§ Records

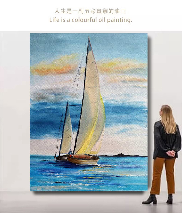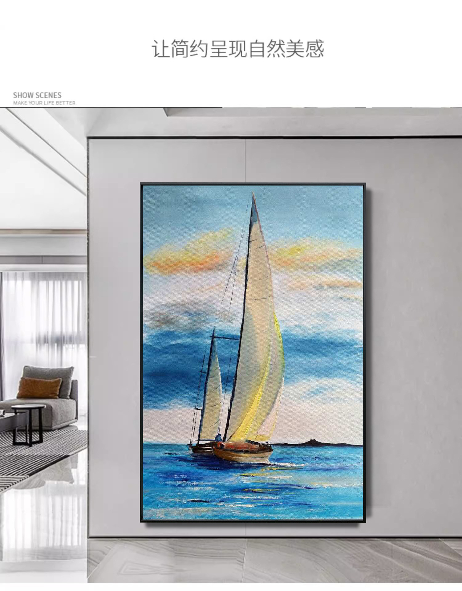 纯手绘油画【帆】北欧风客厅玄关书房装饰画酒店餐厅商场立体挂画
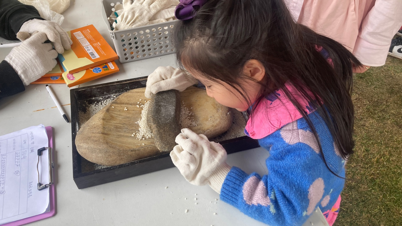 널따란 나무판 위에 쌀을 올려놓고 돌로 쌀을 갈아 보는 체험을 했다.
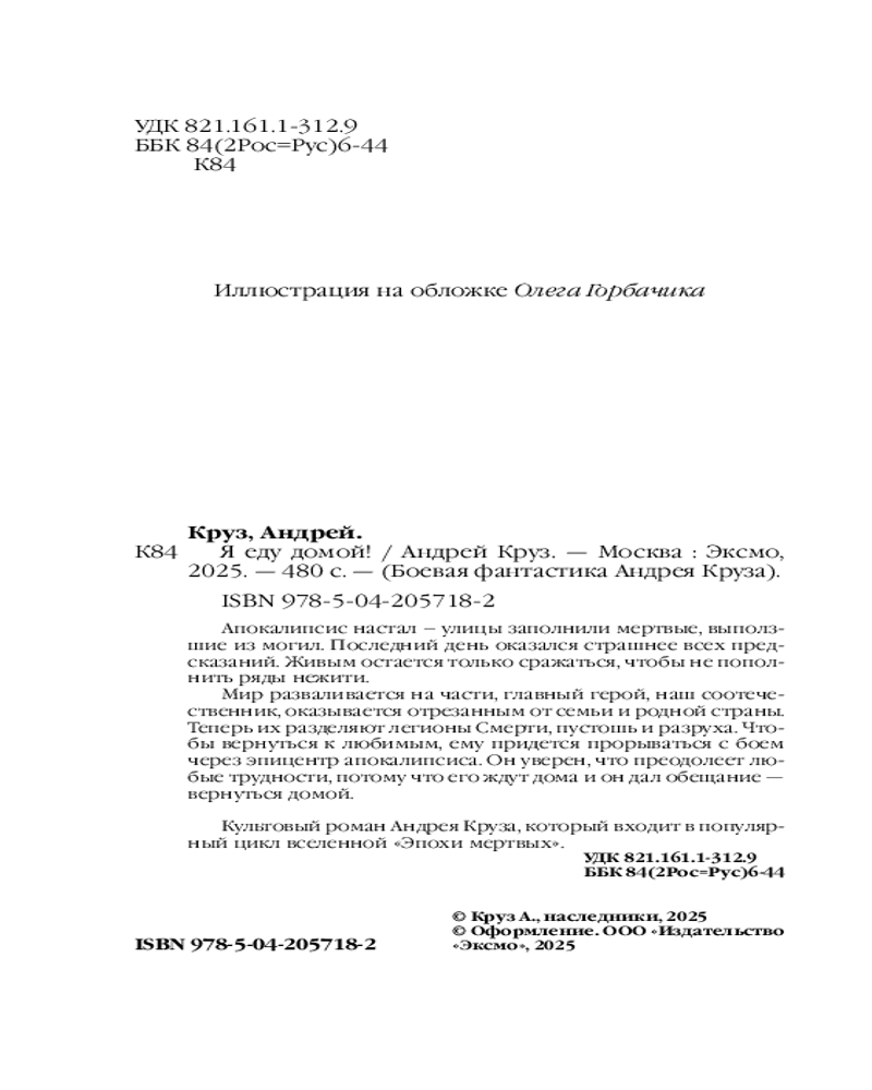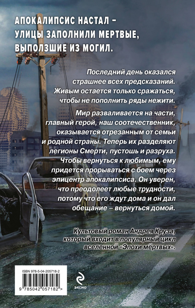 Серия: Боевая фантастика Андрея Круза Апокалипсис настал — улицы заполнили мертвые, выползшие из могил. Последний день оказался страшнее всех предсказаний. Живым остается только сражаться, чтобы не пополнить ряды нежити. Мир разваливается на части, главный герой, наш соотечественник, оказывается отрезанным от семьи и родной страны. Теперь их разделяют легионы смерти, пустошь и разруха. Чтобы вернуться к любимым, ему придется прорываться с боем через эпицентр апокалипсиса. Он уверен, что преодолеет любые трудности, потому что его ждут дома и он дал обещание — вернуться домой. |
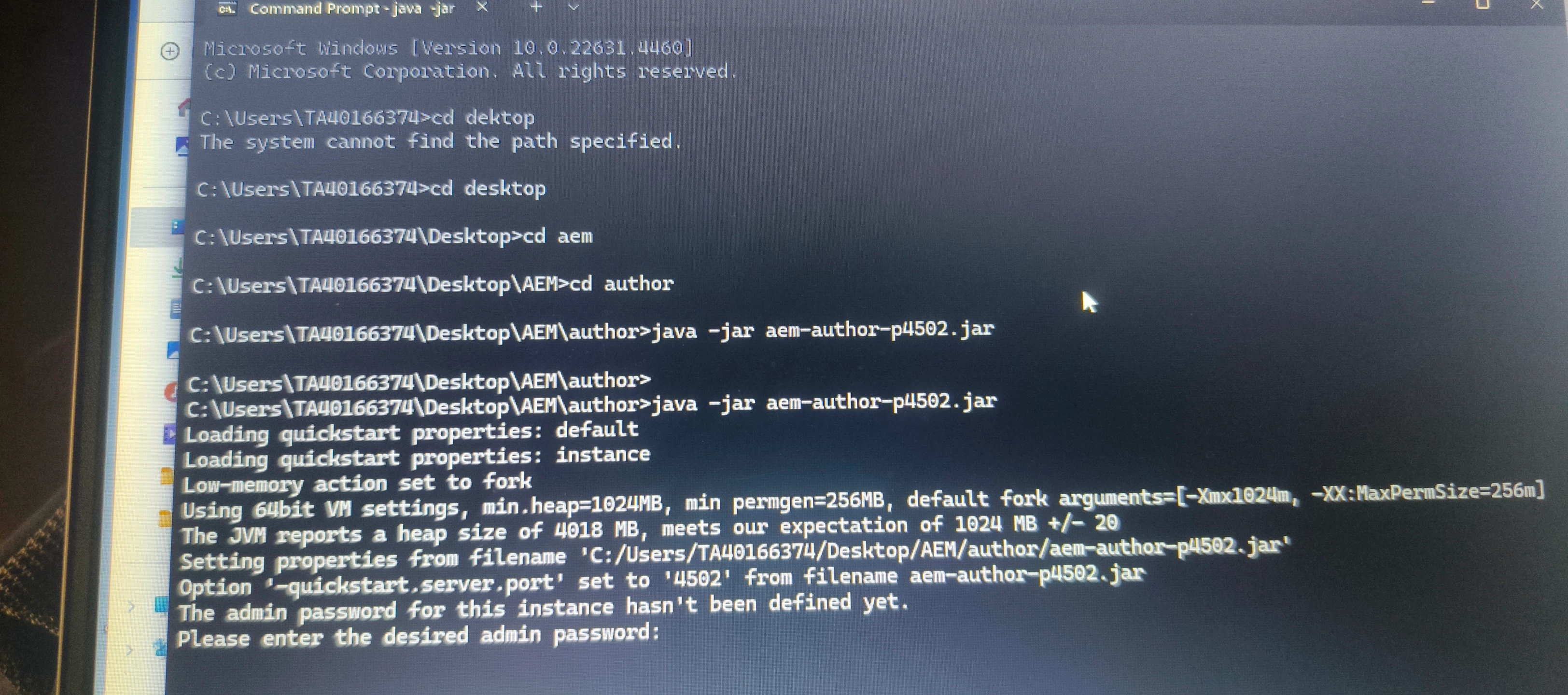 Since you are running AEM jar via command line this triggers automatically giving an option to set your admin password. If you wish to change from admin/admin default setting . You can set any password you wish to have for the admin account and continue
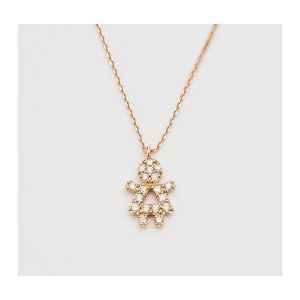 Gargantilla en oro rosa con motivo diseño niña de diamantes talla brillante.
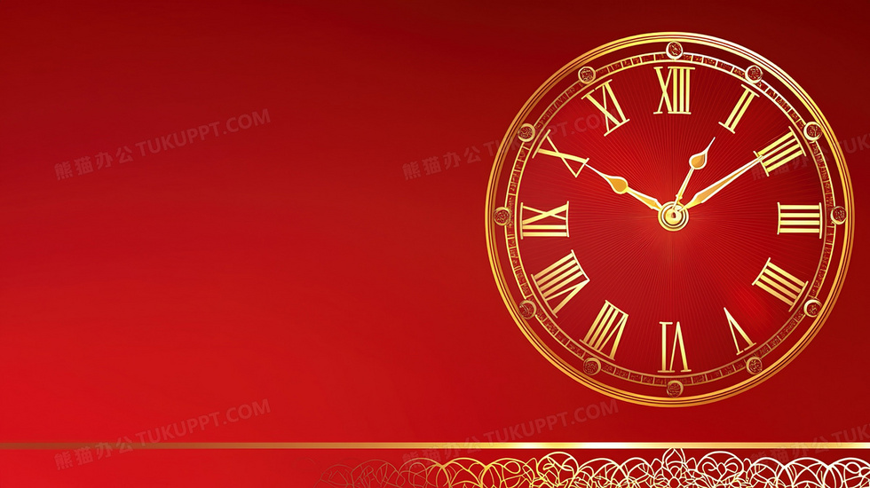 本作品内容为欧式红金色倒计时挂钟创意背景, 格式为 jpg, 大小2 MB, 图片尺寸为2912 x 1632, 作品中背景图片无需修改, 源文件无水印,可以直接使用, 欢迎使用熊猫办公。 如认为平台内容涉嫌侵权,可通过邮件:tousu@tukuppt.com提出书面通知,我们将及时处理。
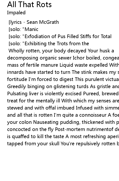 | music Leon del Muerte and Sean McGrath lyrics Sean McGrath solo: " Funerary Feast on the Recently Deceased" by S. C. McGrath solo: " Manic Rottraphagia" L. d. Muerte solo: " Exfodiation of Pus Filled Stiffs for Total Gormandization" by S. C. McGrath solo: " Exhibiting the Trots from the Consumption of Rot" by L. d. Muerte Wholly rotten, your body decayed Your husk a decomposing organic sewer Ichor boiled, congealed, and reduced Into a fustular mass of fertile manure Liquid waste expelled With a nauseating smell Your innards have started to turn The stink makes my sinuses burn With intestinal fortitude I' m forced to digest This purulent victual with which I' m obsessed Greedily binging on glistening turds As gristle and fat form globular curds Pulsating liver is violently excised Pureed, brewed, and mulled A gustatory treat for the mentally ill With which my senses are dulled Your kidneys are stewed and with offal imbued Infused with simmering gore Of carbonized entrails and all that is rotten I' m quite a connoisseur A foetid tapioca is prepared in your colon Nauseating pudding, thickened with pus A genital souffle is concocted on the fly Postmortem nutrimentof decomposing guts Putrescine elixir is quaffed to kill the taste A most refreshing aperitif The noxious beverage is tapped from your skull You' re repulsively rotten beyond belief |
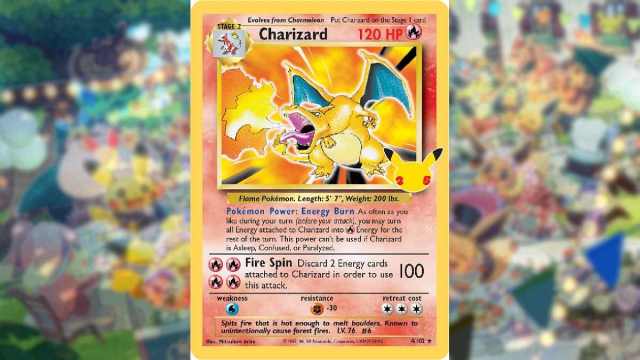 このCharizardカードは、有名なトレーディングカードを称えるCelebrationsセットの一部としてリリースされました。このモダンなカードは、オリジナルのCharizardカードで使用されている古いアートワークを備えていますが、非常に手頃な価格です。
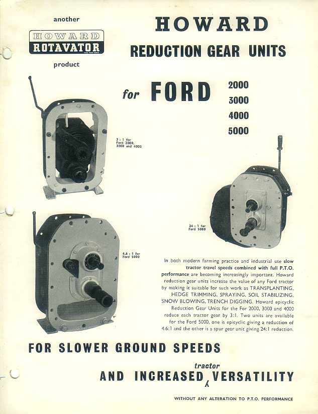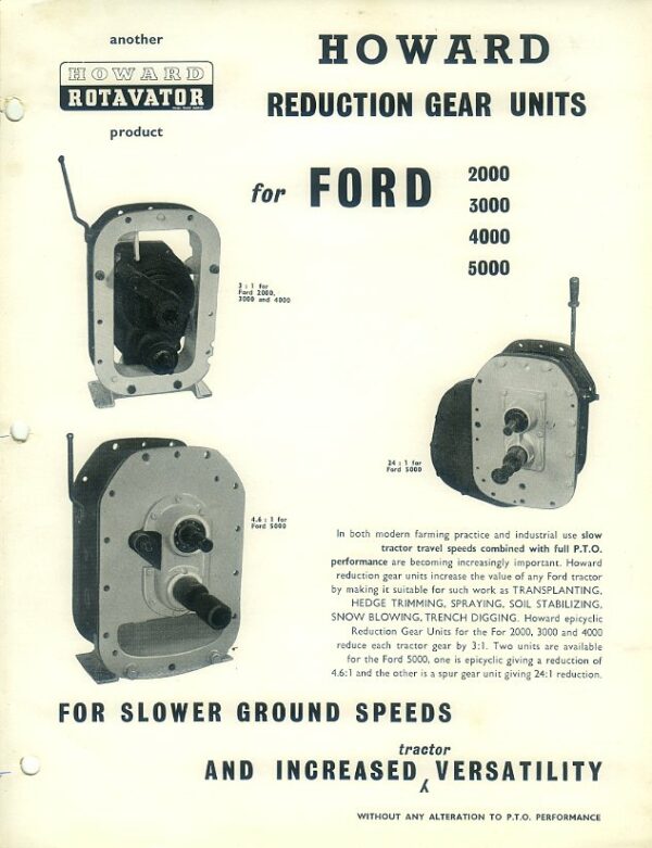 A 2 sided leaflet in very good condition for the Howard reduction units for Ford 2000, 3000, 4000 & 5000 tractors, dated 1966; hole-punched.
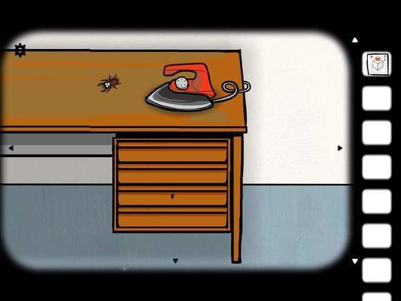 4、接下来会有残忍的一幕,点击桌子切换到熨斗场景,先点击熨斗将其抬起,再点击小虫让它爬过去……
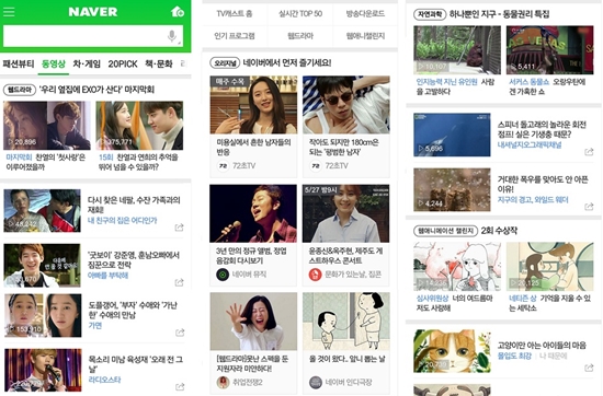 우선 네이버는 지난달 모바일 메인 동영상 판을 개편하면서 제휴를 맺은 단독 콘텐츠를 소개하는 ‘네이버 오리지널’과 다큐멘터리 등 이색 소재의 영상을 볼 수 있는 고정 영역을 신설했다.

§ Directions for this task
Everything from the line containing "4、接下来会有残忍的一幕,点" to the last line of the records above should be reproduced exactly, except the pictures.

§ Solution to the problem
 4、接下来会有残忍的一幕,点击桌子切换到熨斗场景,先点击熨斗将其抬起,再点击小虫让它爬过去……
 우선 네이버는 지난달 모바일 메인 동영상 판을 개편하면서 제휴를 맺은 단독 콘텐츠를 소개하는 ‘네이버 오리지널’과 다큐멘터리 등 이색 소재의 영상을 볼 수 있는 고정 영역을 신설했다.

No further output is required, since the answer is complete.